Wednesday, February 17, 2010

Dynamics of US Unemployment



I was catching up on Dave Cohen's blog the other day, when I came across the amazing video above, which was put together by journalist Latoya Egwuekwe.

I have to say I was really surprised by the degree of geographical contagion displayed above.  I would have thought the primary driver of unemployment was the credit crisis, and withdrawal of credit, and that would present a national signal which would affect all regions roughly in sync.  However, it's abundantly clear that there are tremendously strong local effects in the economy: employment in each county is likely to remain fairly strong until the neighboring counties go down, so the whole recession spreads out from the initial areas of weakness.

I watched it over and over again, pausing and manually stepping it through the frames.

6 comments:

Burk said...

Visually stunning, but I would doubt that this represents a contagion process. Rather, it represents a pre-existing geographic correlation of economic conditions- shared industrial sectors, housing patterns, governmental deficit positions and similar issues.

Gary said...

I wonder if pattern relates to the fraction of urban population of a region. The least hard hit seem to be the bread-basket areas where there is probably a high degree of self-sufficiency.

groo said...

Yeah.

This correlates with the democrat-leaning states with some exceptions (e.g. Florida).

Should be cross-correlated with the change in political attitudes.

People tend to become more conservative when under economic pressure, then eventually change back wen the poitical elite does not deliver.

So this is at first an advantage for the red-state teabaggers.

Told-You-so attitude.

'Now get rid of evolution, climate-change and all your other strange beliefs!'

Looks like the Democrat majority was just an episode.

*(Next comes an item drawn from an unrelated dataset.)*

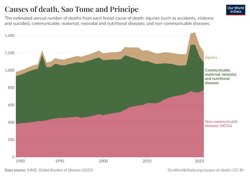 In the chart, you can see the breakdown of deaths in Sao Tome and Principe by these broad categories. In 2023, 315 died from communicable diseases, 773 from NCDs, and 125 from injuries.

Obama already compromising with nuclear power and offshore drilling.

Not good.

James said...

I for one am in favour of nuclear power. I think that wind and solar will play a role, but I think that fission reactors will end up producing the highest EROI of the non-fossil fuel alternatives ... and we are going to need all the EROI we can get!

KLR said...

Wondered what Dave was up to - his stuff is no longer featured at the ASPO-USA site. Can't imagine him crossing swords with anyone. In June '08 his one word reply in Drumbeat to anything Jeff Brown had to say was "bullshit." ;) Jeez, Dave. Kumbaya.

I assume you've seen the viral chart of the Growth of Walmart, depicted in appropriate sickly green.

Stuart Staniford said...

KLR - yes, I linked to a Walmart growth video a while back. Yeah, Dave uses a lot more snark than is really to my taste, but on the other hand he also works really hard on the research and sometimes finds some good stuff, so I find him worthy of a spot in my reader.